[WHAT YOU SHOULD DO]:
Beginning with the line that contains "Step 4:打開 Buyandship" and ending with the line that contains "2020年2月12日化验日报表", reproduce the lines of the entries below exactly, omitting pictures.

[Extracted data entries]
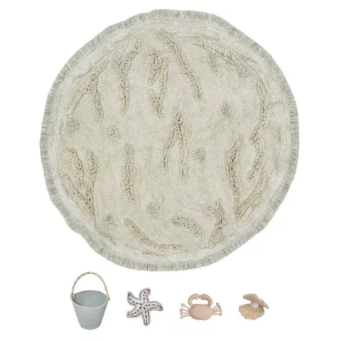 Combinando pêlos curtos e médios num padrão irregular, o tapete Island evoca as dunas suaves de uma praia arenosa. Envolto por franjas curtas na cor natural e azul sálvia representando a orla marítima, o tapete vem com um conjunto de acessórios para brincar: uma cesta trançada de cordão azul sálvia, um caranguejo macio, uma estrela do mar bordada à mão e duas conchas com pérolas. Certificações: European standard on Safety of toys EN71-1, EN71-2, EN71-3, REACH, ASTM F963-17, Standard Consumer Safety Specification on Toy Safety, CPSC 16 CFR, CPSIA lead
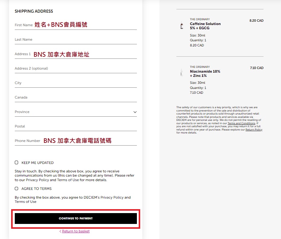Step 4:打開 Buyandship 網站的「海外倉庫地址」並選擇「加拿大」,然後複製 Buyandship 加拿大倉庫的資料,然後點擊「Continue to payment」。
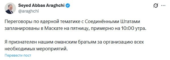 Переговоры пройдут в столице Омана Маскате, заявил он. Ранее Axios со ссылкой на американских чиновников утверждал, что переговоры Ирана и США в пятницу отменены. Источник Telegram: toporlive
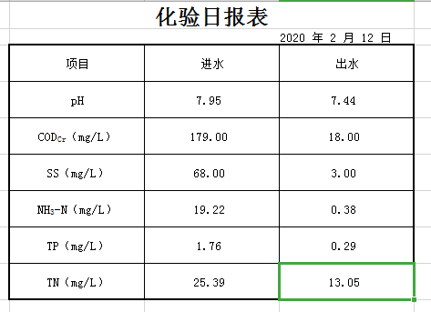 2020年2月12日化验日报表
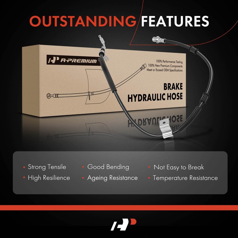 - [Superior Quality]: A-Premium Brake Hydraulic Oil Hose consists of EPDM rubber and stainless steel fittings, meeting DOT certification standards, Federal Motor Vehicle Safety Standards(FMVSS 106) and SAE J1401 Standards. Premium craftsmanship and materials ensure superior quality and durability, and excellent performance enhances the whole braking system.
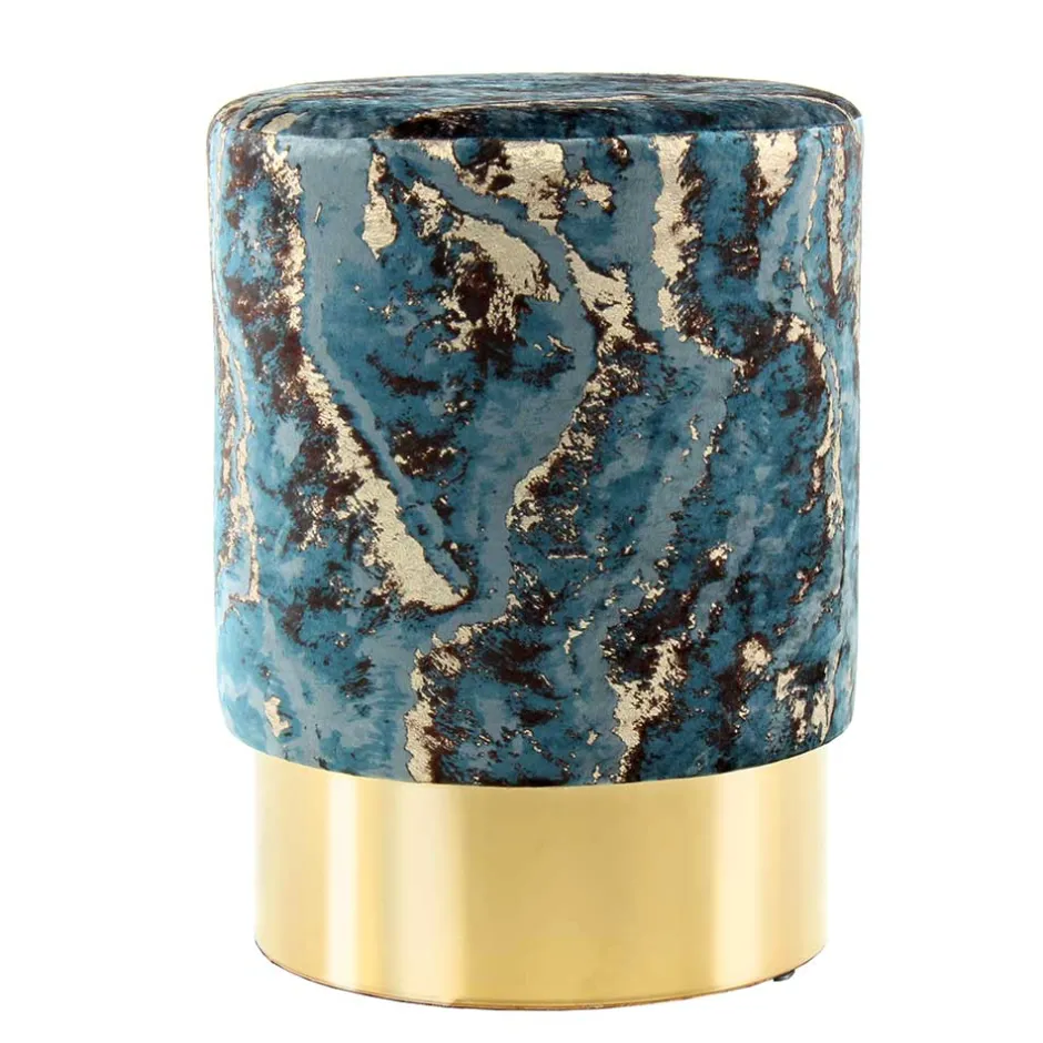 - Design Polsterhocker in Dunkelblau und Goldfarben
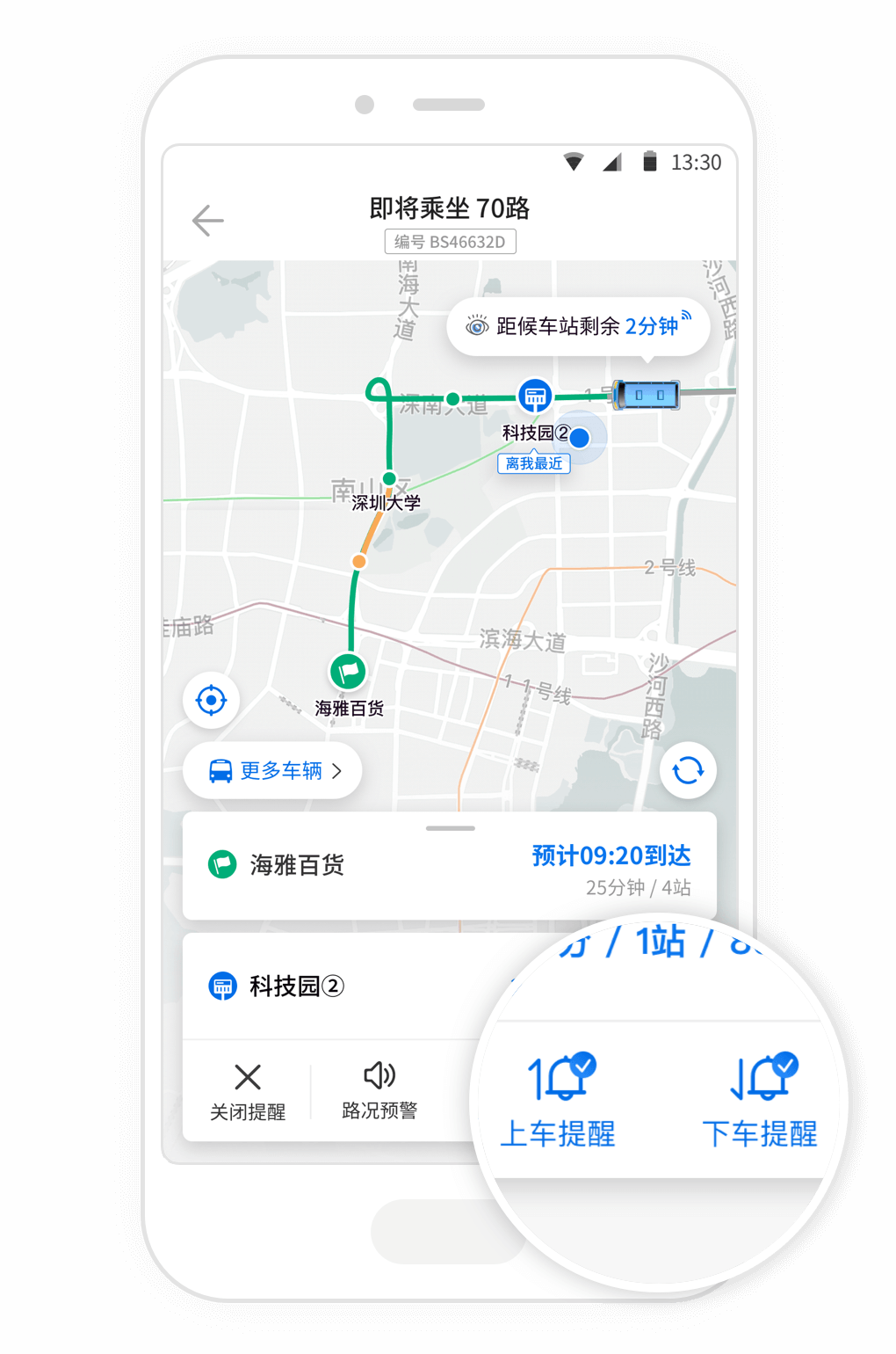 《车来了》集成了实时公交追踪、多策略路径生成、上下车智能提醒三大核心能力。无论身处本地还是异地旅游,均可快速获取目标线路车辆当前位置、剩余到站时间及车厢满载状态提示。乘车过程中启用下车提醒后,系统将在车辆即将抵达设定站点前启动语音播报,全程无需手动干预,操作简洁高效。
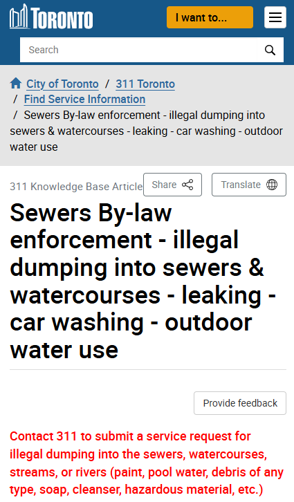 多伦多条例明确写道,如果发现类似情况,请拨打311提交服务请求,举报非法向下水道、水道、小溪或河流倾倒废弃物(如油漆、泳池水、各种碎片、肥皂、清洁剂、有害物质等)。

[RESULT]:
Step 4:打開 Buyandship 網站的「海外倉庫地址」並選擇「加拿大」,然後複製 Buyandship 加拿大倉庫的資料,然後點擊「Continue to payment」。
 Переговоры пройдут в столице Омана Маскате, заявил он. Ранее Axios со ссылкой на американских чиновников утверждал, что переговоры Ирана и США в пятницу отменены. Источник Telegram: toporlive
 2020年2月12日化验日报表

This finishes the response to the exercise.